A Full Life: The Works of Charlotte Mason

Our aim in Education is to give a Full Life. -C. Mason

VIII.––Truthfulness

Filed under: Part IV, Vol. 1 — CM Blogger at 1:12 am on Friday, February 2, 2007

It is unnecessary to say a word of the duty of Truthfulness; but the training of the child in the habit of strict veracity is another matter, and one which requires delicate care and scrupulosity on the part of the mother.

Three Causes of Lying––All Vicious.––The vice of lying causes: carelessness in ascertaining the truth, carelessness in stating the truth, and a deliberate intention to deceive. That all three are vicious, is evident from the fact that a man’s character may be ruined by what is no more than a careless mis-statement on the part of another; the speaker repeats a damaging remark without taking the trouble to sift it; or he repeats what he has heard or seen with so little care to deliver the truth that his statement becomes no better than a lie.
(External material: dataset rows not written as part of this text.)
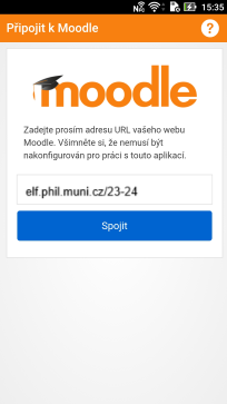 Po prvním spuštění je třeba do aplikace zadat adresu systému Moodle, ke kterému se chcete připojit. V našem případě je to elf.phil.muni.cz/23-24. Dále budete přesměrování na přihlašovací stránku, kde již stačí zadat své obvyklé přihlašovací údaje.
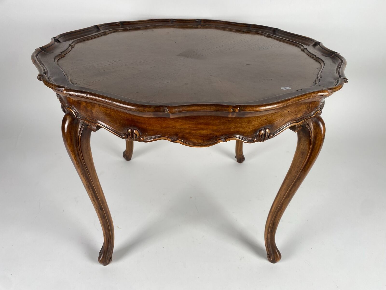 Table basse en noyer à plateau mouvementé de style Louis XV. Hauteur 54 cm / Diamètre 72 cm
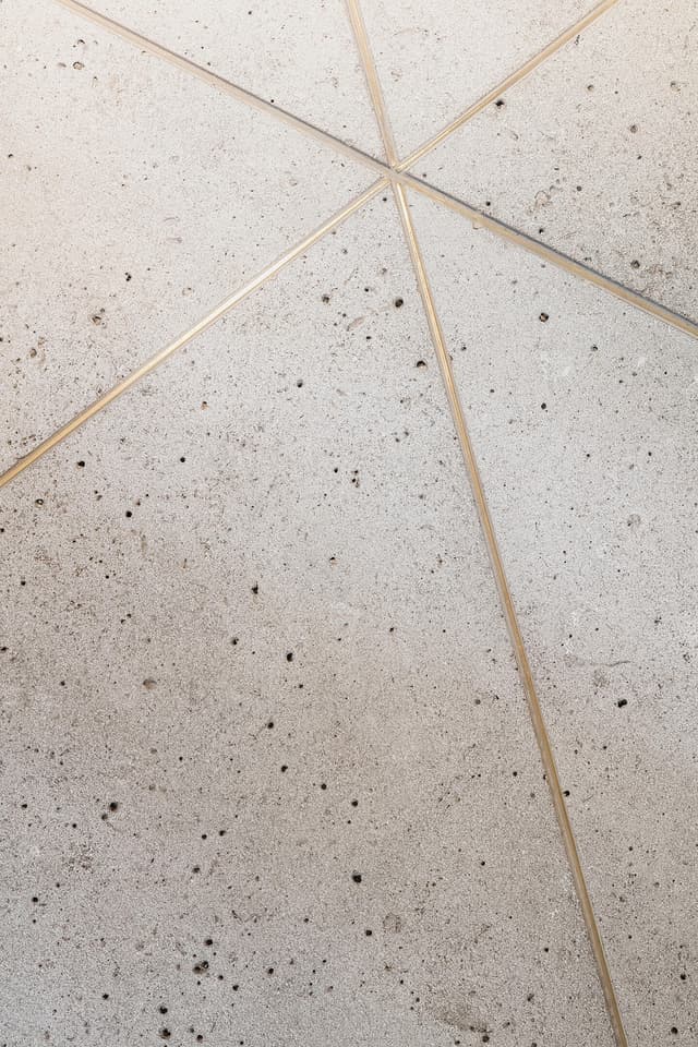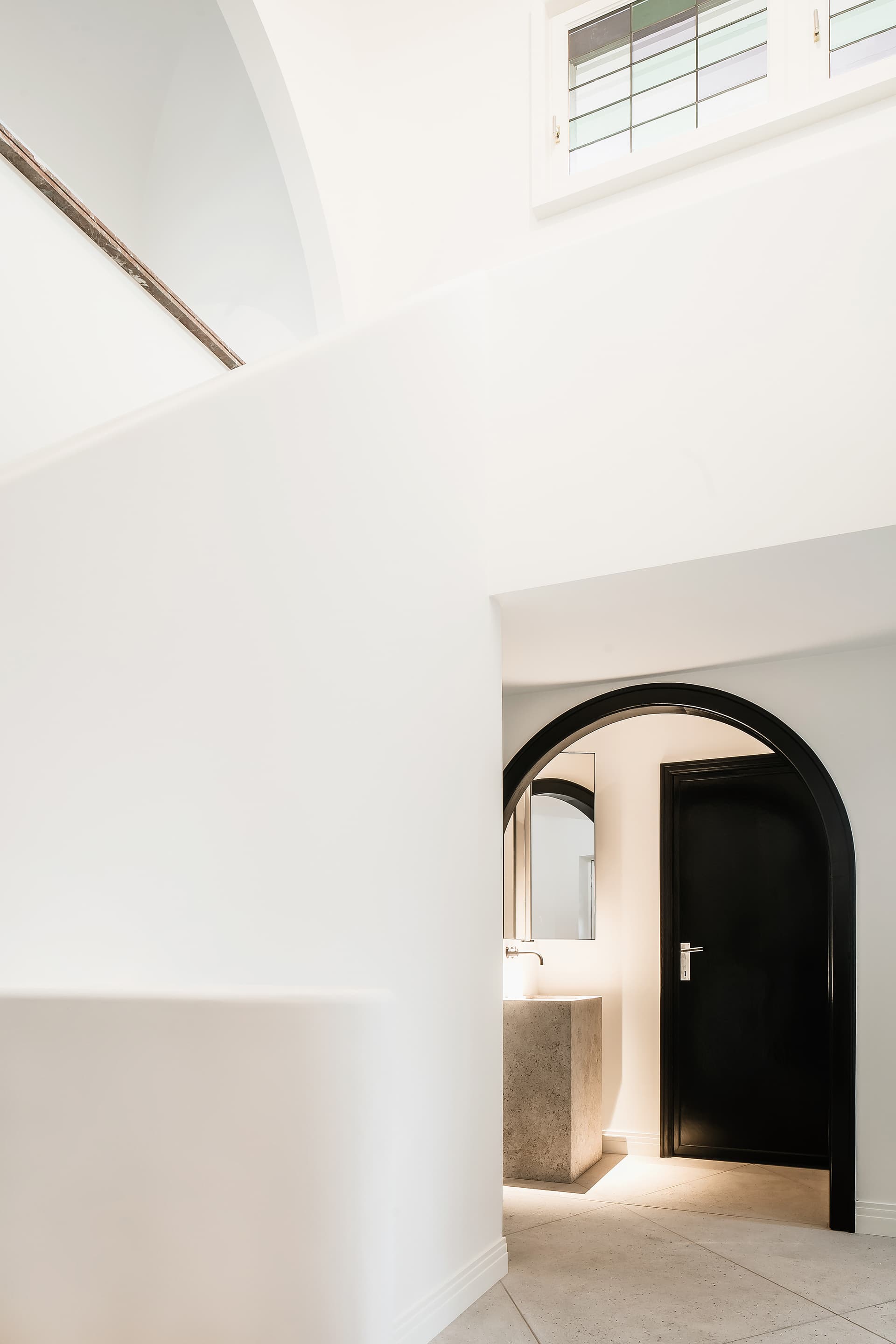 Daarna besloten we de binnenkant volledig te strippen en alleen de buitenmuren te behouden die waren uitgevoerd in cimorné lavé. Dat is een inmiddels in onbruik geraakte techniek waarin cementpleister wordt aangevuld met decoratieve granulaten. Die pleister wordt vervolgens uitgewassen waardoor de granulaten zichtbaar worden. In dit geval waren de granulaten van natuursteen.
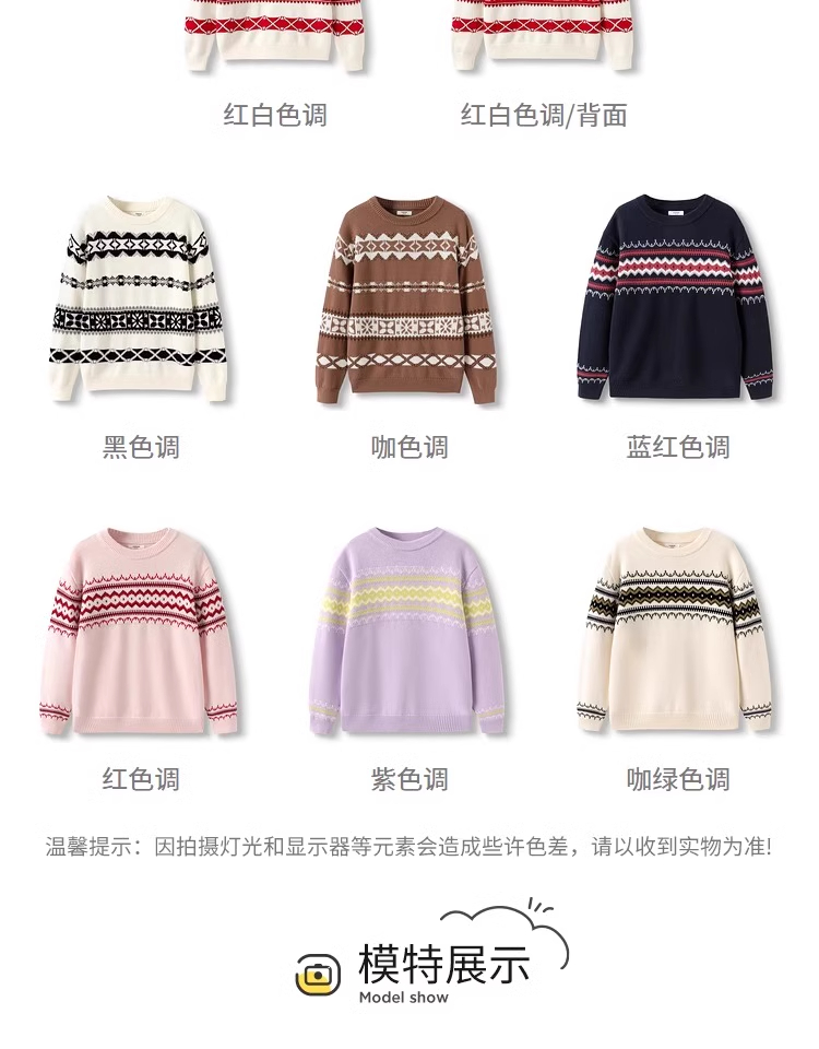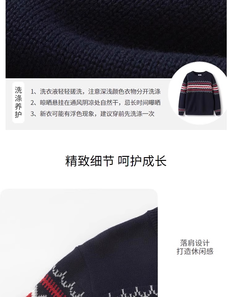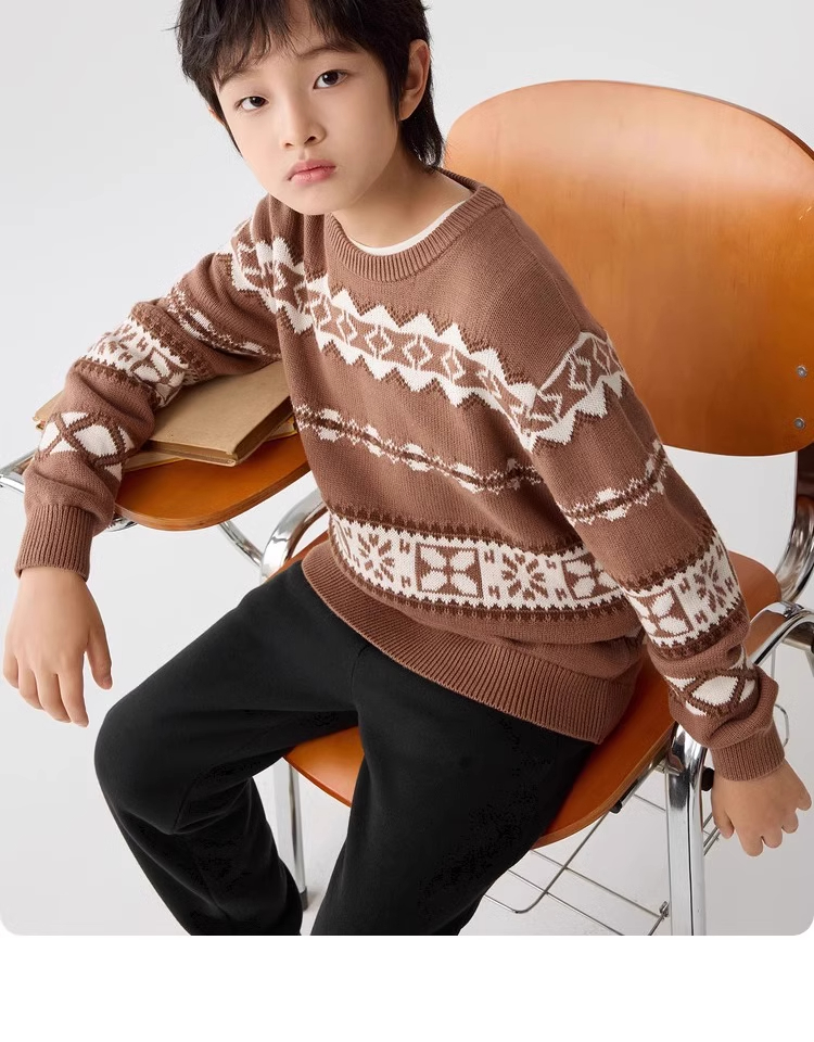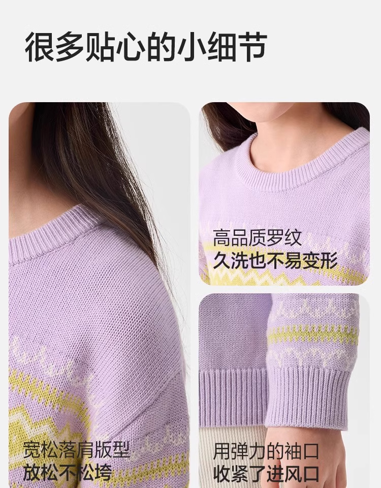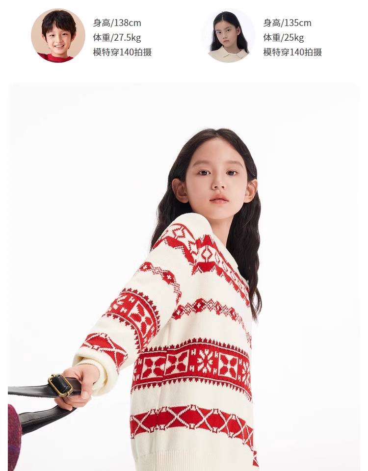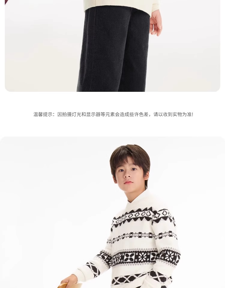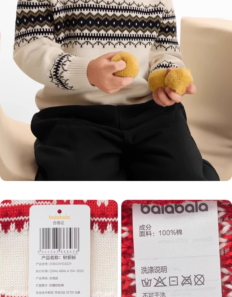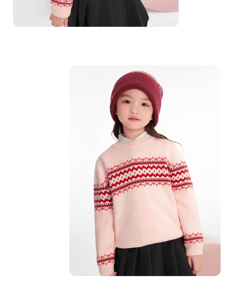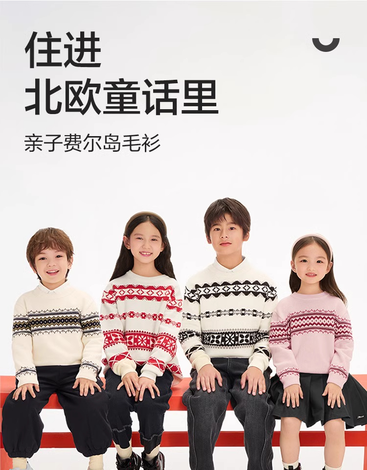 巴拉巴拉童装男童女童毛衣亲子纯棉内搭秋冬装新款提花针织衫

Only One Kind visited on Children.––Now, of the three kinds of lying, it is only, as a matter of fact, the third which is severely visited upon the child; the first and the second he is allowed in. He tells you he has seen ‘lots’ of spotted dogs in the town––he has really seen two; that ‘all the boys’ are collecting crests––he knows of three who are doing so; that ‘everybody’ says Jones is a ’sneak’––the fact is he has heard Brown say so. These departures from strict veracity are on matters of such slight importance that the mother is apt to let them pass as the ‘children’s chatter’; but, indeed, ever such lapse is damaging to the child’s sense of truth––a blade which easily loses its keenness of edge.